Would a Tobin Tax on futures trading like oil and on derivative transactions be productive in limiting "unproductive" financial transactions, particularly when the trading profits become so risky they create unemployment, while maintaining liquidity and still be consistent with his fear of selective, knee jerk governmental regulation?  (I found Allessandri and Haldane's "Banking on the State" November 2009 Bank of England interesting in this regard).

I find it hard to believe he would tolerate arguments that it is ok and a good thing to have a "Jobless Prosperity" as I saw headlines on this week.

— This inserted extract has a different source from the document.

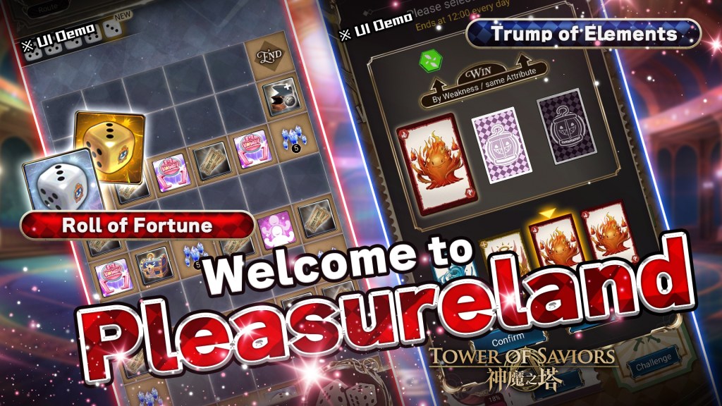 | ★ 2nd Event: New Event “Welcome to Pleasureland” Time: 7 Oct (Mon) after maintenance to 3 Nov (Sun) 23:59 A brand new event is here! Come and play the two new minigames, Trump of Elements and Roll of Fortune! 1st Minigame【Trump of Elements】 ※ Summoners will have a chance to play this minigame by consuming a certain amount of Stamina during the event. ※ There are 5 types of Madhead Cards, each representing an Attribute. ※ Each time a Summoner plays the minigame, they must choose one Madhead Card from 4 random cards as their trump card to play against the game developers. ※ Each Summoner can get up to 3 chances each day. * All chances must be used before 23:59 in the day. No cards can be played after the deadline. The developers’ pick will be revealed the next day at noon and rewards will be given to Summoners based on the result. ※ A Summoner can win the game in two scenarios: ※ Their card prevails over the Attribute of the developers’ card; or ※ Their card matches the Attribute of the developers’ card. * Throughout this event, the developers will contend with a deck of 25 Madhead Cards, featuring 5 cards of each Attribute. The developers’ card deck will diminish daily as a card is revealed. Summoners, on the other hand, will play with an inexhaustible deck of Madhead Cards. 2nd Minigame【Roll of Fortune】 Win fruitful rewards by helping Shroy reach his destination! Upon accomplishing various missions, Summoners will acquire 2 kinds of dice, white and golden. The white dice are the default dice; the golden dice, on the other hand, are special dice that enable Summoners to decide the outcome of the dice roll. Based on the outcome of each dice roll, Shroy will progress on the board advancing toward the ultimate goal. The minigame comprises three distinct routes, each offering certain rewards. Summoners will receive specific rewards after they complete a route for the first time. However, the squares in the route will reset when Summoners re-enter. White Dice will be given instead if certain rewards have been obtained. Summoners can collect as many rewards as possible by using the special items scattered across the board. Furthermore, Summoners may also gather Summon Quartz along their journey. By gathering a certain number of Summon Quartz along the route, Summoners will receive the event-exclusive character “Roll of Dice – Toby” (Skill Lv.1) x1. Those who complete all routes will be rewarded with “Roll of Dice – Toby” (DUAL MAX) x1. Rewards in each route: ※ Special items ※ “Lucky Dice” Redemption Coupons (Dragonware for “Island of Revelry” Members) ※ “Detective Glass” Redemption Coupons (Dragonware for “Extrinsic Detectives” (series) Member) * The “Extrinsic Detectives” series characters will be introduced to the game next week. ※ Summon Quartz How to get Dice: ※ Log in for the first time during the event period – White Dice x 3 ※ Play the【Trump of Elements】 minigame – up to Dice (White and Golden) x3 each day ※ Win the【Trump of Elements】 minigame cumulatively. ※ Complete a route for the first time. ※ Rechallenge a completed route. ※ Passing a number of squares on the board. ※ Purchase with Coins or Diamonds in the Shop. ※ Challenge event stages for several times. ※ Challenge the Pleasureland Special Stage weekly. * Rewards and progress of each route can be found in the 【Details】 section. * Summoners may purchase the following items with Diamonds in the Pleasureland Shop: ※ White Dice 【No purchase limit】 ※ Special items 【Purchase limit: 3 per each item】 └ Grappling Hook └ Replication Tool └ Claw Crane └ Golden Dice * The last 【Trump of Elements】 game result will be announcd on 28 Oct (Mon) at noon. * The event stages will be closed after 27 Oct (Sun) 23:59 but Summoners may continue to play the 【Roll of Fortune】 minigame until 3 Nov (Sun) 23:59. |

Yet the legitimate arguments relating to weak dollar/strong dollar in relation to economic recovery, interest rates/credit availability, and how a deficit would be reduced after sustained recovery (I am particularly concerned if a weak dollar would actually extend a deficit longer than a strong dollar recovery; it would seem inflation with a strengthening dollar might be more controllable and lead to deficit reduction with GDP growth faster than inflation with a weak dollar particularly since the United States is a net importing country and we are already seeing higher import prices with a weak dollar).

I see these as very interrelated, but I have probably asked too many questions.

If they write something in the future, good, but my point is that part of the eternal defense of individual liberty is caring. How is it okay to finance the recapitalization of systemically dangerous financial firms on the families of unemployed workers while at the same time we refuse to fire the executives who ran these systemically dangerous firms and programs and we refuse to strip the improperly valued toxic assets from their hands and off their balance sheets? Sweden did it in the 1990's and kept the banks private and stronger. Why can't we do it?